So far, the evidence from miracles hasn’t moved me to make a significant update (I’m not even convinced that our world looks more miraculous than the median materialistic world), and I don’t plan to spend too much time looking at evidence of miracles, given that I don’t expect them to produce much evidence for the above-mentioned reasons.
Overall, 1 in 10,000 is a pretty small effect, so religions don’t influence my life very much, other than making me murmur an occasional prayer. But I can see people putting higher weight on religion due to genuine value differences, and I think we should be cautious about calling that inherently crazy.
Loving mathematics
After making all these updates, I now believe that 99% of my influence over my utility function comes from affecting the distributions that weigh worlds and moments based on “naturalistic” considerations: how simple the laws of physics are, how far in time a moment is from the Big Bang, and things like whether there is intelligent life at all in that universe. The boundary between naturalistic and mystical distributions is not very clear, but the naturalistic distributions are roughly those where no special explanation is required for why living in a seemingly materialistic universe, similar to ours, is a good place to affect these distributions.
The assembly of distributions
There are many different distributions I care about. As a general rule, the broader and more generic the distribution is, the bigger weight it gets, but more specific distributions get some weights too.

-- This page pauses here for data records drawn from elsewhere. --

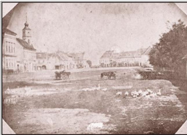
Jedna od najstarijih fotografija Osijeka, pogled na današnji glavni trg (oko 1868.)

čitava carska riznica i još mnogo dragocjenosti privatnika iz Beča, Graza, Trsta, Rijeke, Zagreba i Budima. Tek je treće osječko poslanstvo uspjelo od službenog Beča pridobiti titulu slobodnog kraljevskog grada, čije je proglašenje obavljeno 28. kolovoza 1809. godine. Utjecaj na odluku o dodjeli te privilegije bio je prvenstveno financijske prirode, a ne vraćanje usluge za pomoć prilikom najezde Napoleona. Iznos koji je trebalo platiti državnoj komori bio je popriličan; 183.723 forinte. Kolika je bila želja da Osijek postane slobodni kraljevski grad govori i činjenica da su se imućniji građani obvezali platiti i za one siromašne. Od Napoleonova zauzimanja Beča očekivalo se da bi francuska vojska mogla doći i do Osijeka, pa je napravljen plan obrane Tvrđe. U jeku najveće opasnosti taj plan objavljen je Osječanima, a izazvao je šok i nevjericu, jer je prema njemu trebalo srušiti Gornji i Donji grad radi uspješnije obrane Tvrđe, a po toj strateškoj varijanti oko tvrđavskih zidina trebao je biti čisti prostor na dometu topa u dužini od dva kilometra. U ratnoj situaciji obrane grada bila je dužnost demolirati sve na toj razdaljini. Srećom, do toga nije došlo, pa danas imamo sačuvane mnoge reprezentativne građevine iz toga doba.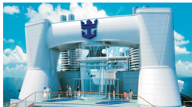
Ripcord by iFly海上跳傘體驗®*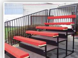
Banquette rembourrée en velours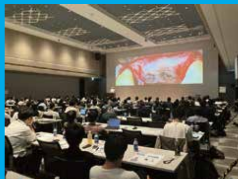
熱気あふれる会場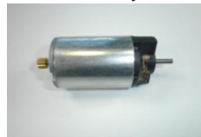
DAA0625, langansyöttölaiteen moottori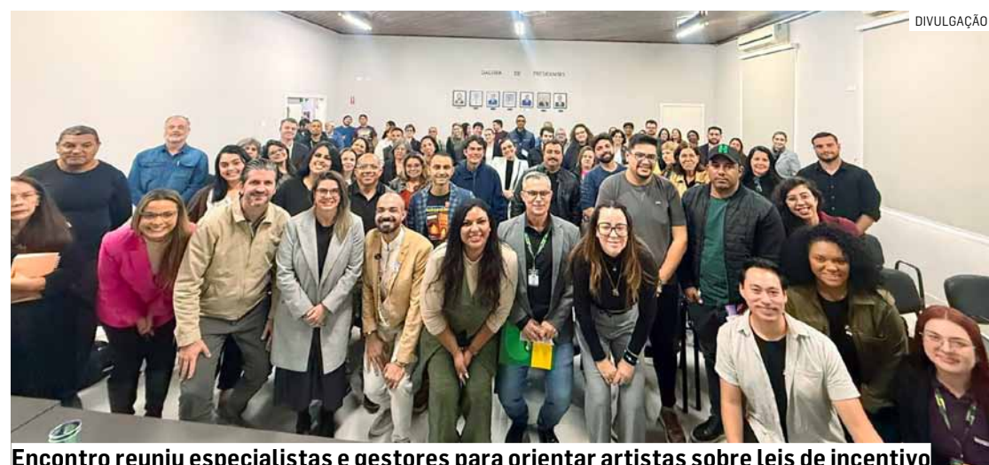
Encontro reuniu especialistas e gestores para orientar artistas sobre leis de incentivo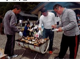
家族会主催BBQ大会（平成30年）

令和元年8月、第2科長に上番して早1年が経過しました。「明日の天気どうなの？」と指揮官に問われたら「負けたらどう思っていますか？」「求められる前に提供せよ」を要望事項とし、情報所掌部署として、常に先行的な情報業務を実施するように心がけています。情報とは何なのか？例えば、明日登山をする、釣りに出かける、ゴルフに行く、遊園地に行く、そんな時、明日の天気、場所、交通手段・それらに何のリサーチもせずに出かける人がいるでしょうか？なりません。天気一つで予定が中止になることもあるでしょう。我々は日常的に、あらゆる場面で自分に必要な情報を収集し、それを基に決断し行動しています。「明日は晴れです。」「は、ただの天気予報です。このご時世スマートフォンがあればいつでも手に入る情報です。」「明日は晴れます。だから・・・」この先が大事です。晴れることにより、部隊に与える影響は良いことばかりではありません。熱中症が発生するかもしれない、あるいは林野火災が発生するかもしれない、その「かもしれない」をいくつ列挙し、指揮官に報告すること出来るか？まだまだ考察は足らず、勉強の毎日です。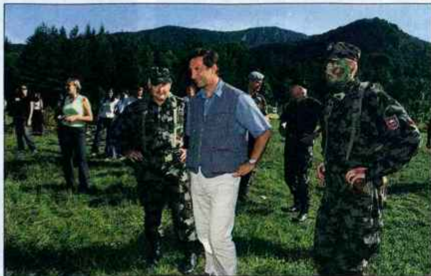
Minister Karel Erjavec in načelnik Ladislav Lipič med študenti na vojaškem taboru.

Tabor organizirata Šola za častnike Poveljstva za doktrino, razvoj izobraževanje in usposabljanje ter katedra za obramboslovje na Fakulteti za družbene vede. Tabor traja štirinajst dni, zaključil se bo v soboto, udeležilo pa se ga je 154 študentov - med njimi 75 fantov in 79 deklet, od prvga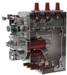
环网柜组合电器单元气箱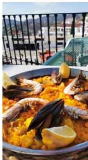
Spānijas iepazīšana noteikti jāpapildina ar gardajiem ēdieniem.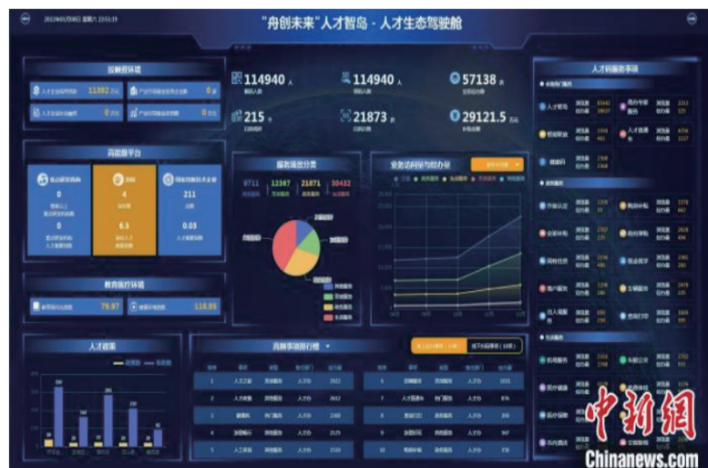
“舟创未来”人才智岛。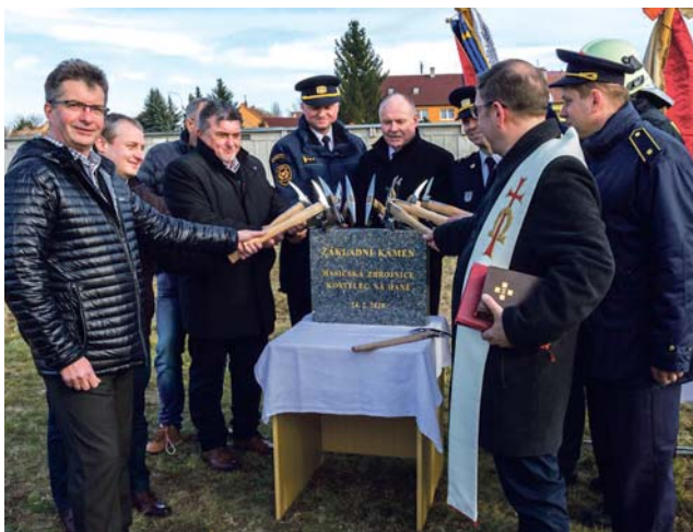
V nové zbrojnici bude dost místa i pro třetí auto, které teď mohou hasiči pořídit.

Poklepáním základního kamene odstartovala v pondělí 24. února stavba nové hasičské zbrojnice v Kostelci na Hané. Hasičárna za zhruba 25 miliónů korun vyroste na okraji města.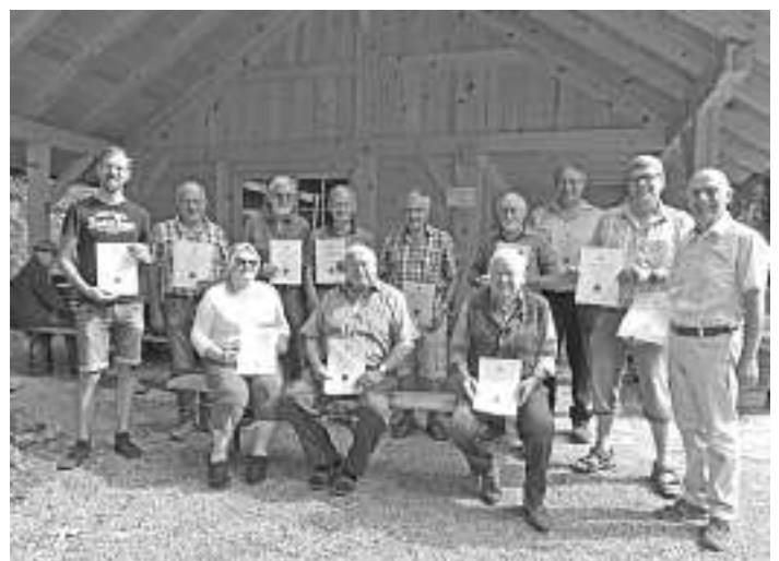
die Grundschüler aus Schramberg-Sulgen und die geehrten Preisträger aus den Reihen der Wolftal-Imker beim neuen Lehrbienenstand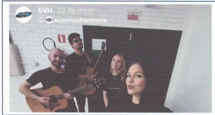
APRESENTAÇÃO HINO SANTA ROSA - 20/05/2025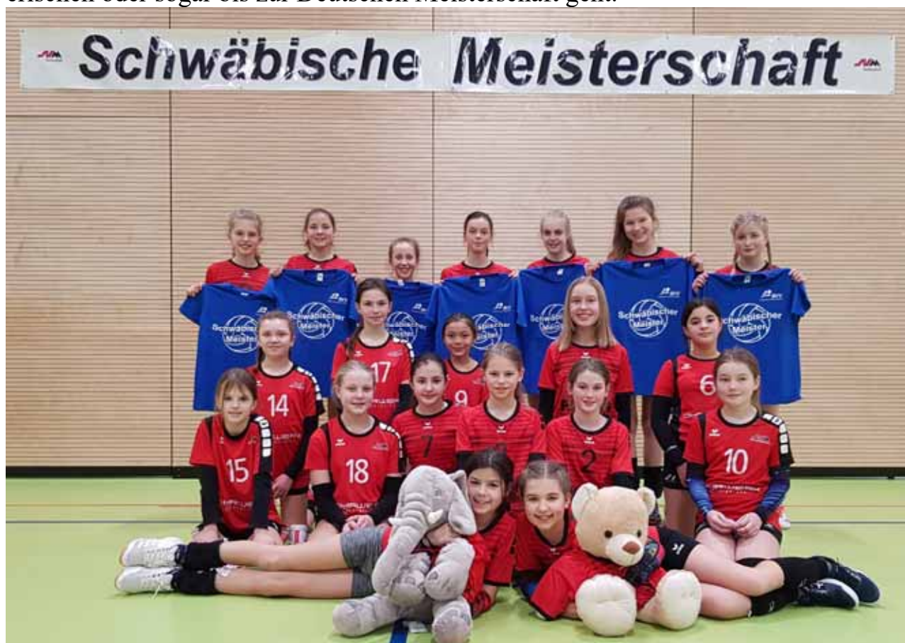
Das Bild zeigt die drei erfolgreichen U14 Teams bei der Schwäbischen Meisterschaft in eigener Halle.

Man darf gespannt sein, für welche Altersklassen es über die Südbayerische zur Bayerischen oder sogar bis zur Deutschen Meisterschaft geht.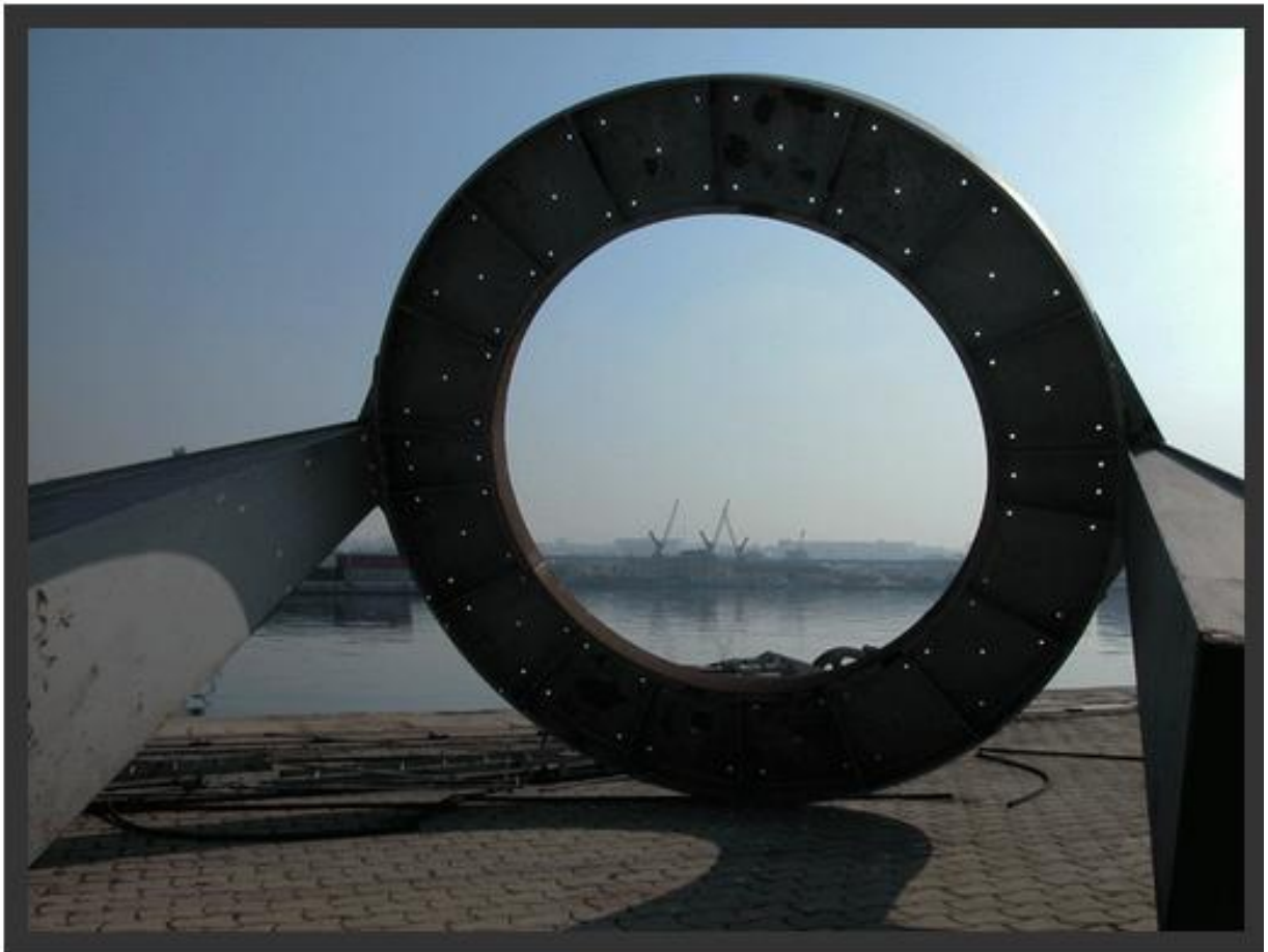
Port de Marseille – 2003 Cercle de grue et grues au fond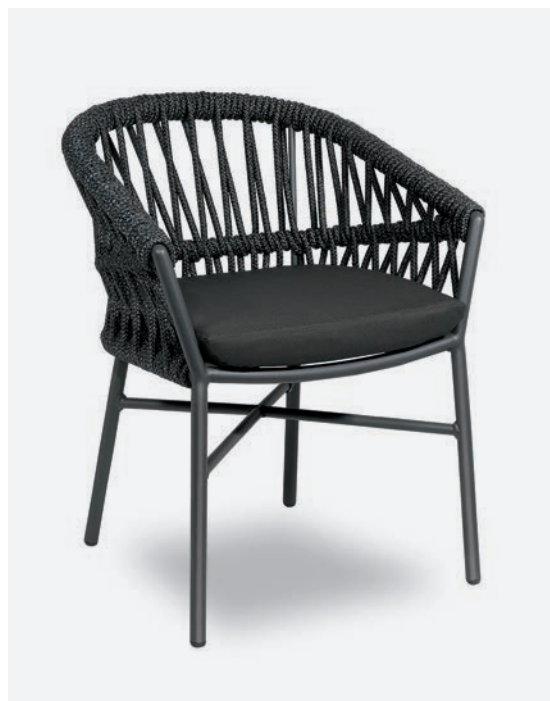
POLTRONCINA METHOD COD 715/AT34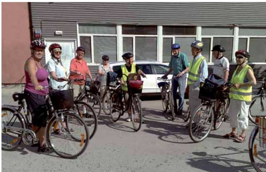
Avfärd från Föreningsgården.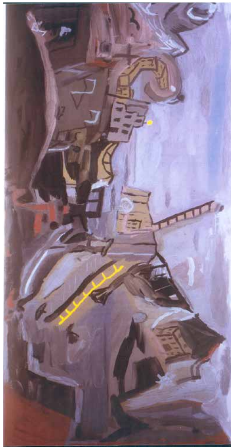
Landskap - 1988 - Acryl - 61x120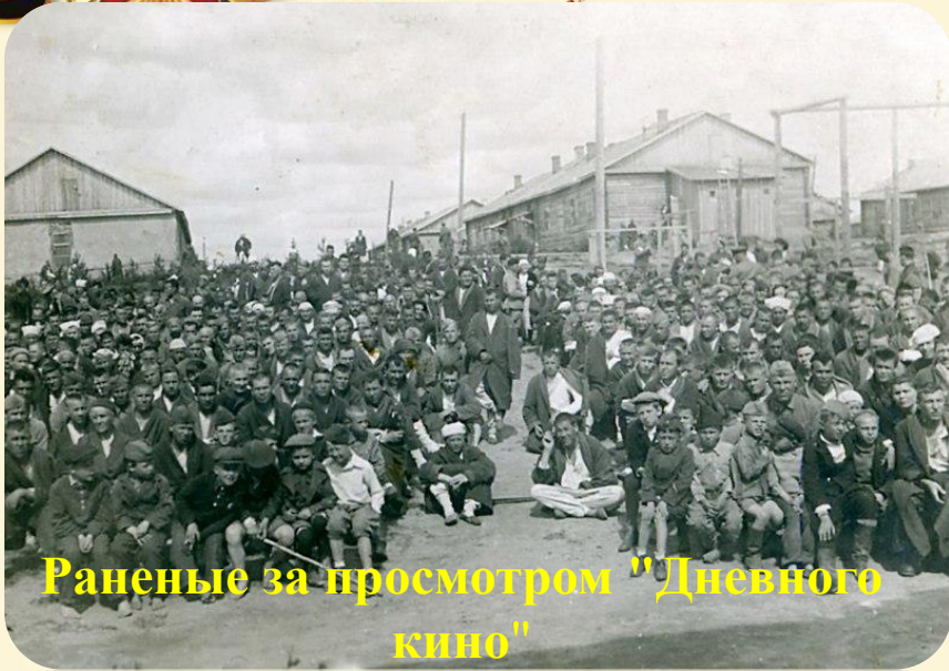
Раненые за просмотром "Дневного кино"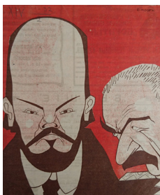
13. Д. Моор. На двух полюсах. Два казака – пара // Будильник. 1917. № 37–38 D. Moor. At two poles. Two Cossacks – pair // Alarm clock. 1917. № 37–38.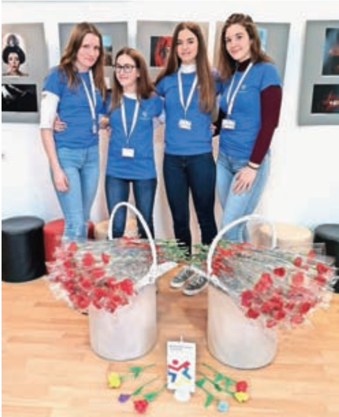
Dekleta, ki so sodelovala v ulični akciji

Kot so ob tem poudarili v Mladinskem centru Jesenice, dan žena praznujemo v okrog sto državah po svetu in je simbol boja za žensko enakopravnost.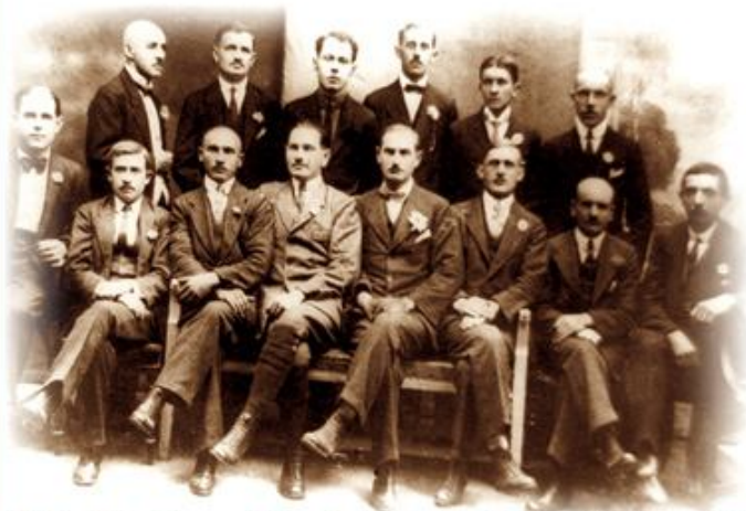
A Gyári Olvasó Egylet vigalmi bizottsága, 1920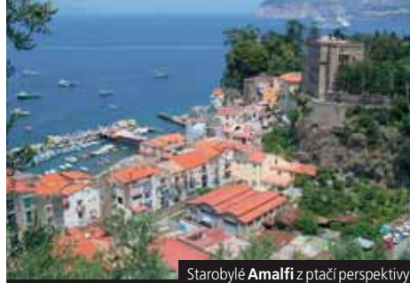
Starobylé Amalfi z ptáčích perspektivy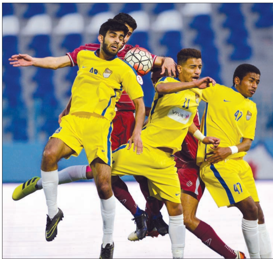
لاعب الساحل بحاجة للروح العالية في الموسم الجديد (الأزرق.كوم)

مختص في اللياقة البدنية ليخضما إلى طاقم التدريب الخاص بالفريق الكروي.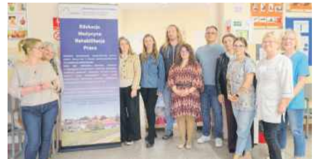
W Ośrodku Zdrowia w Przewornie odbyły się „Dni Zdrowia Psychicznego”.

angażuje się w nie w ramach własnej pracy. – Robimy to z potrzeby serca i poczucia obowiązku wobec mieszkańców. To nie jest projekt dotowany, a współpraca między naszymi placówkami – mówi.

The concept is very similar to what I described in the Solomonoff over distributions section in my last essay. There are very broad, simple-to-describe distributions that get a lot of weight. For example “universes whose laws require N bits to describe get amount of caring, and I distribute my caring among the moments within each universe according to a distribution generated by a simple program taking a standard normal random variable as an input”.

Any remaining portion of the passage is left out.